You must be authenticated to submit your files

INF442 - \(k\)-Means

Before you begin
1. (Quiz) Real-world dataset
2. Classes in C++
3. The \(k\)-means algorithm
4. Alternative initializations (optional)

Before you begin

Download and unzip the archive INF442-td3-1-handin.zip.

It contains in particular:

the file kmeans.cpp, which you will have to complete and/or modify,
the file main.cpp, which is used for the various test scripts, and
a Makefile that you can use to compile the various tests.

In order to get full credit, you need to solve and submit all exercises up to Section 3 (Section 4 is optional). Log in to be able to upload your files.

1. (Quiz) Real-world dataset

Click to expand

The file cereals.csv in the csv/ directory contains various data about a selection of commercially available cereals. Among the data is nutritional information, but also information about the shelf in which the products are placed, the package size, and also the average customer rating.

First, install the necessary libraries:

$ pip3 install --user --only-binary=:all: pandas scikit-learn matplotlib

Then use the Python script kmeans.py in the quiz/ directory to analyze the data set and answer the questions in the quiz for TD3 on Moodle. The script takes four arguments: csv_file, lc, nb_clusters, and ld. The first argument determines which .csv file to open, in our case cereals.csv (keep in mind that the file is in another directory than the Python script). In the second argument, lc, you can give a comma-separated list of variables used during the clustering, or : if all variables should be used. The third argument, nb_clusters, defines the number of clusters that should be used. The fourth argument, ld, is only used for the visualization, not for the computation of the results. It is a comma-separated list of 2 or 3 variables to be used for the plot (which is then 2- or 3-dimensional). Running the script without arguments gives a message detailing the program’s usage. Example usage:

$ python3 kmeans.py ../csv/cereals.csv : 2 protein,weight,cups

After execution, an image file result.png should appear in the current directory. This file contains the generated plots.

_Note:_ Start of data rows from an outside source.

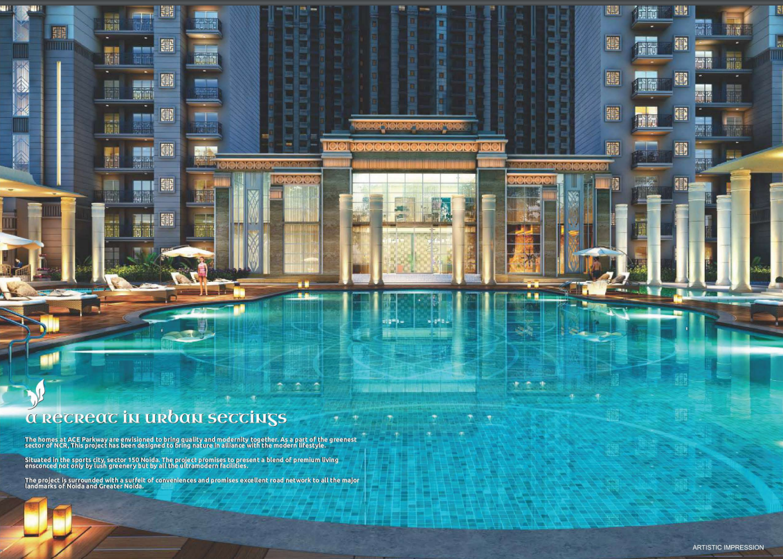 Set amidst the serene environs of Sports city in Sector 150, Noida, Ace Parkway is perfectly designed to take luxury and comfort to the next level. Spread across More then 11 acres of a three side open plot, the art deco design of Ace Parkway is done by architect Hafeez Contractor who has created a perfect balance of softscape, hardscape and waterbodies in its landscape.
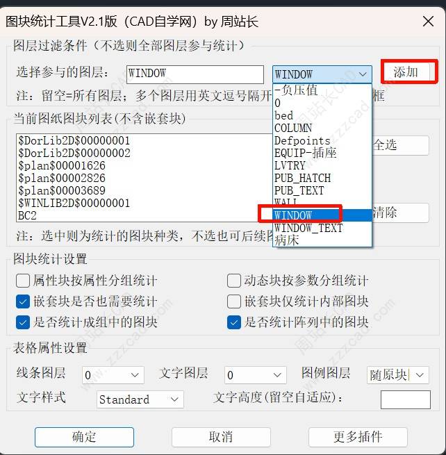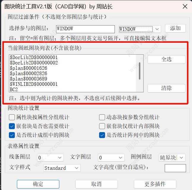 多维精准过滤: 支持通过下拉或输入指定“参与图层”(留空则全选);同名图块还能根据“属性”或“动态参数”进行精细化分组,告别混淆。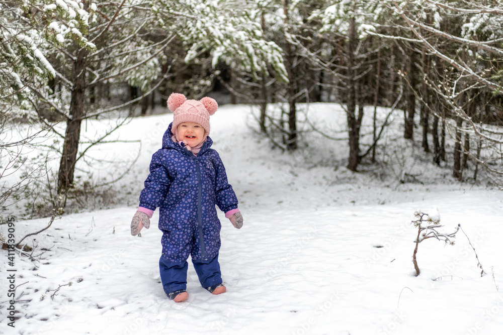 Happy baby girl in snowy country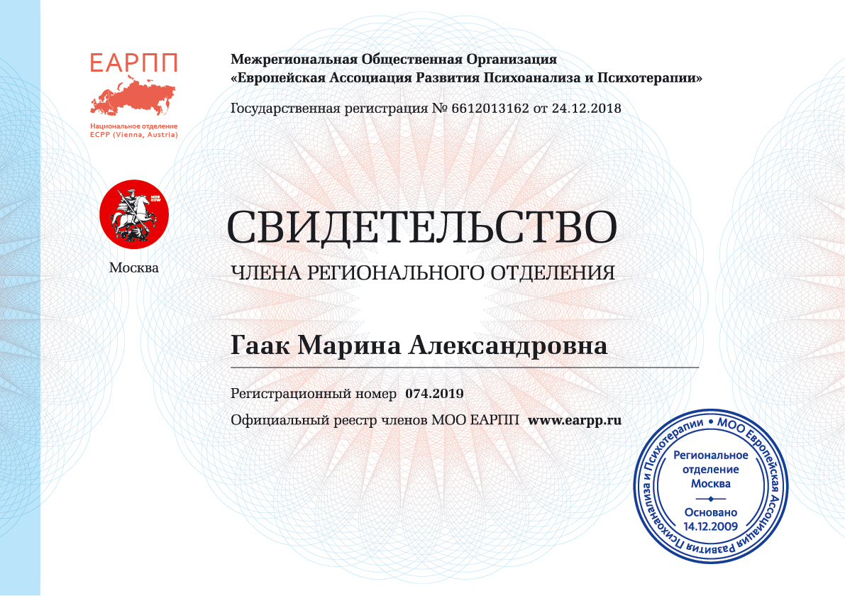 Член Европейской Ассоциации Развития Психоанализа и Психотерапии (Национальное отделение ECPP в России)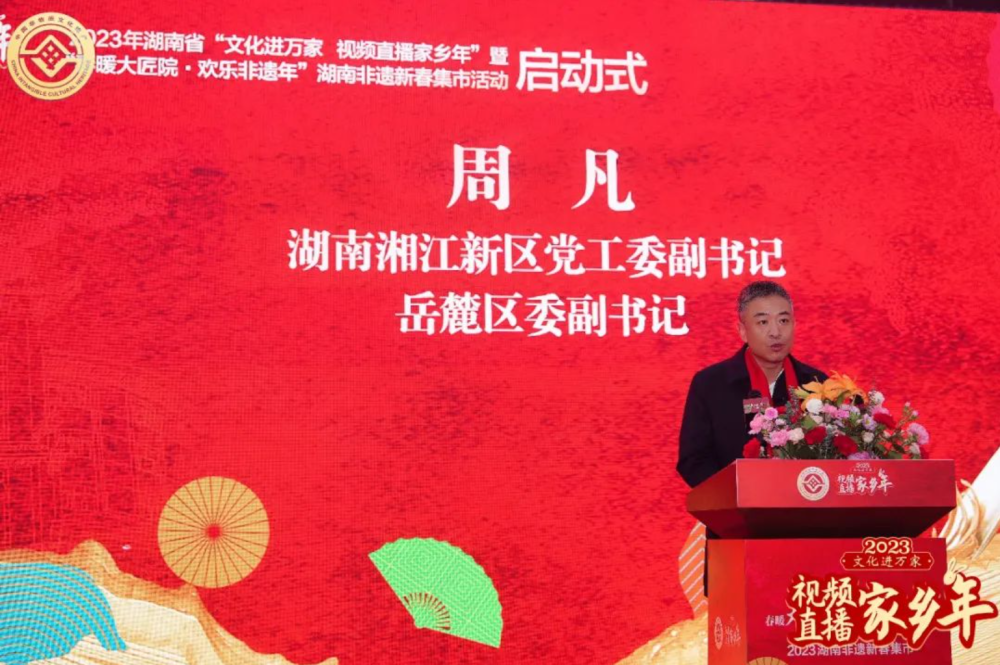 湖南湘江新区党工委副书记、岳麓区委副书记周凡在讲话中表示,湘江新区浸透湖湘文化精髓,汇聚长沙千年灵秀。近年来,一直将非遗文化作为新区文化事业的重中之重,坚持在保护中传承、在传承中发展。新区将以此次盛会为契机,讲好非遗故事,传承非遗文化,更好地赋能文旅融合,乡村振兴。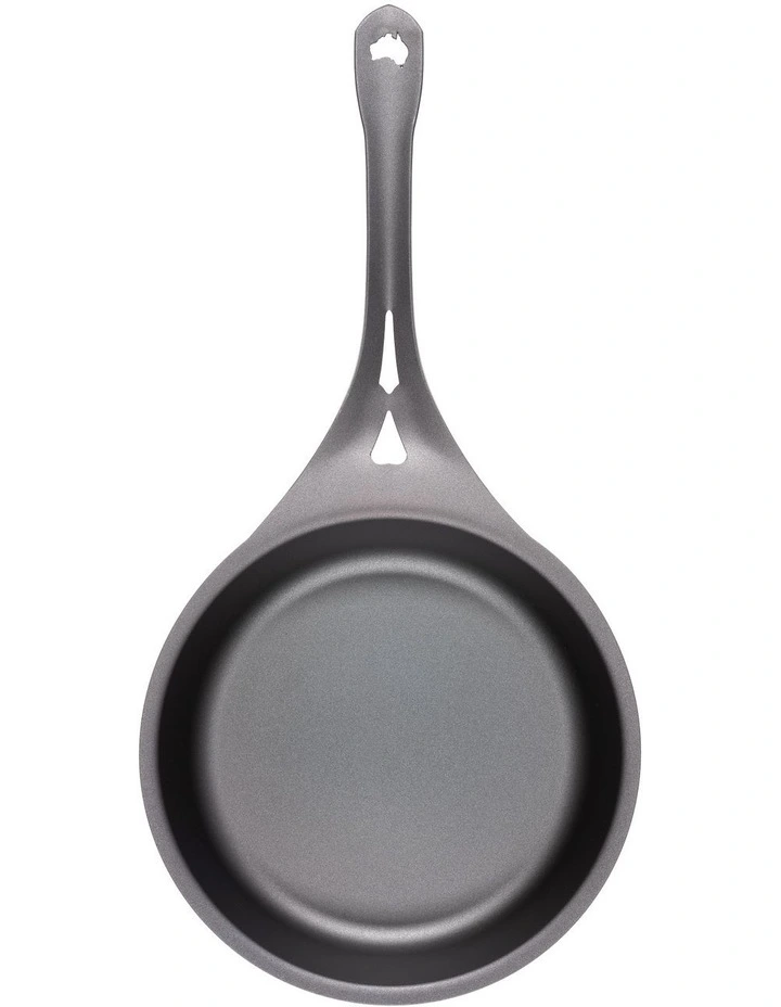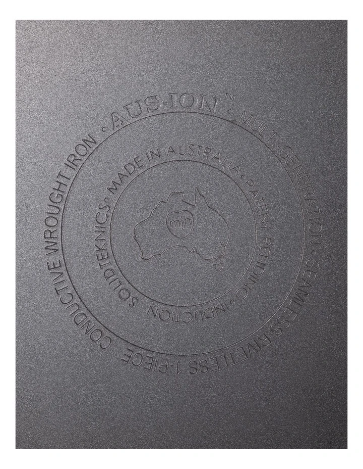 100% made in Australia. Wrought from a solid sheet of 2.5mm thick Australian iron, there are no joins, screws or rivets. Superior conductivity, even heating and easy to clean. Suitable for all heat sources, from induction stovetop, to oven, to campfire and woodfired pizza ovens.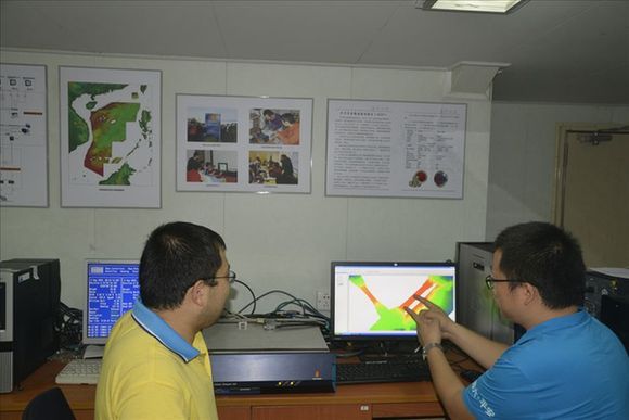 多波束测量进行中,专业助理杨永出现在仪器房,盯着屏幕,脸色严峻?!罢飧龇较蚴芘岳擞跋欤@瞬男矶嗥菰诖锥嗖ㄊ⑸淦鞲浇屏?,波束丢失,大大影响数据质量。”随着他的话,我们看到采集屏幕上实时显示的海底地形上出现了很多破洞,像极了一块烂破布。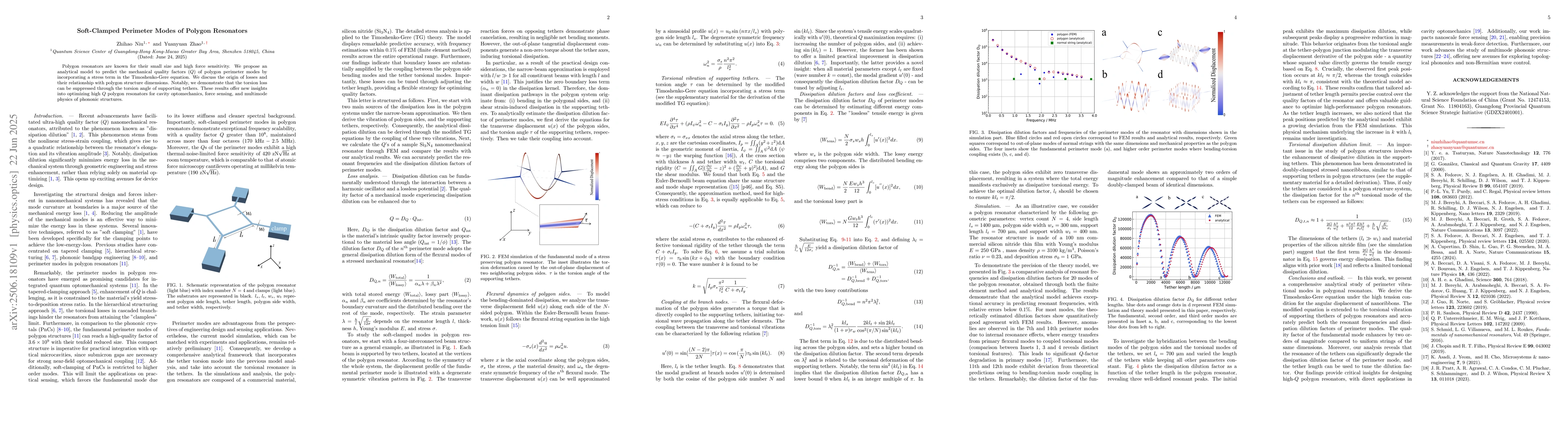 Polygon resonators are known for their small size and high force sensitivity. We propose an analytical model to predict the mechanical quality factors (Q) of polygon perimeter modes by incorporating a stress term in the Timoshenko-Gere equation. We discuss the origin of losses and their relationship with polygon structure dimensions. Notably, we demonstrate that the torsion loss can be suppressed through the torsion angle of supporting tethers. These results offer new insights into optimizing high Q polygon resonators for cavity optomechanics, force sensing, and multimode physics of phononic structures.

Let us be more specific about what the program does. In the file kmeans.py, after reading in the .csv file, we normalize each variable so that it takes values between 0 and 1:

scaler = MinMaxScaler()
ndata = scaler.fit_transform(data)

We then call Lloyd’s algorithm for \(k\)-means clustering. First, a KMeans object is constructed, specifying the number of clusters and the initial state. Then, the clustering is done in the method called fit, which takes the actual data set as its parameter. Here is the corresponding code:

cl = KMeans(n_clusters=nb_clusters, random_state=0, init='k-means++', n_init='auto').fit(ndata)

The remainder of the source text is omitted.